◆ TASK DIRECTIONS
The exact lines from the start of the material below through the line holding "Masjid Raya Al-Azhom" are the answer; return those, pictures excluded.

Start of EXCERPTED DATA

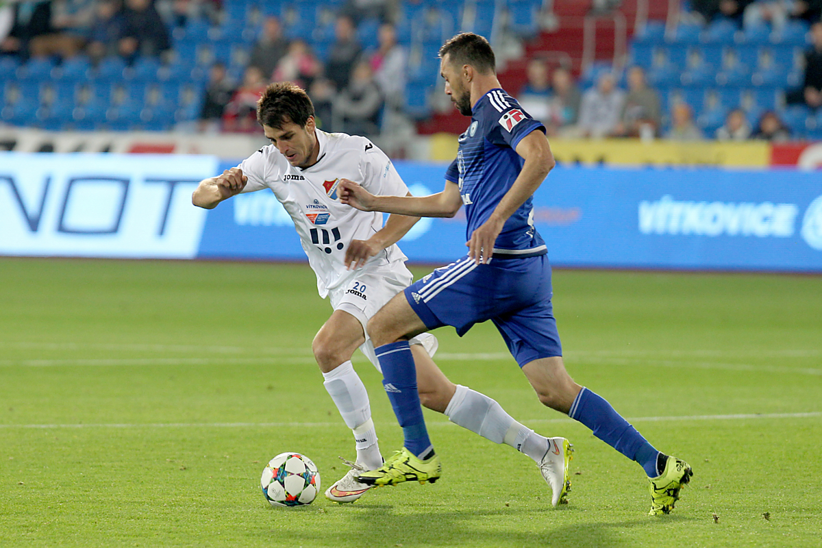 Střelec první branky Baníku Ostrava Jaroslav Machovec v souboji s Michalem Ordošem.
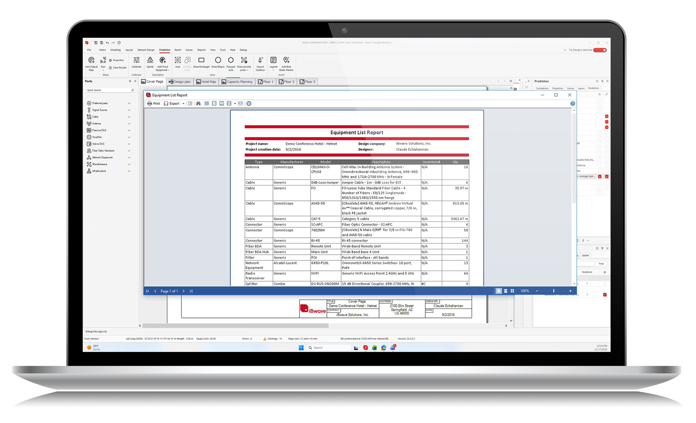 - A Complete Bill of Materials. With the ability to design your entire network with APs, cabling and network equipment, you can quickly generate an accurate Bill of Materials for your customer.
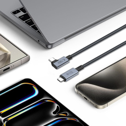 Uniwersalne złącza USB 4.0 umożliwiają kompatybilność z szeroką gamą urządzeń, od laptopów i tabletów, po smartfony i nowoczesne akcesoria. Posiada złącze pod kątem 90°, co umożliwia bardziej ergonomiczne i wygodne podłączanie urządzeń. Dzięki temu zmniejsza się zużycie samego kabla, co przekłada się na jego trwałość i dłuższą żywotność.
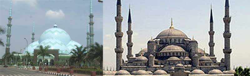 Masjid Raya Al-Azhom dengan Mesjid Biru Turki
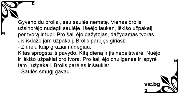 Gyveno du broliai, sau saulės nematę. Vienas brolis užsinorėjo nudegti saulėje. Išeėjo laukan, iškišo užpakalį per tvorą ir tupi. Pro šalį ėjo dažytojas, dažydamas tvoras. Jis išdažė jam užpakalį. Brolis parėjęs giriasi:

End of EXCERPTED DATA

◆ RESULT OF THE TASK
 Střelec první branky Baníku Ostrava Jaroslav Machovec v souboji s Michalem Ordošem.
 - A Complete Bill of Materials. With the ability to design your entire network with APs, cabling and network equipment, you can quickly generate an accurate Bill of Materials for your customer.
 Uniwersalne złącza USB 4.0 umożliwiają kompatybilność z szeroką gamą urządzeń, od laptopów i tabletów, po smartfony i nowoczesne akcesoria. Posiada złącze pod kątem 90°, co umożliwia bardziej ergonomiczne i wygodne podłączanie urządzeń. Dzięki temu zmniejsza się zużycie samego kabla, co przekłada się na jego trwałość i dłuższą żywotność.
 Masjid Raya Al-Azhom dengan Mesjid Biru Turki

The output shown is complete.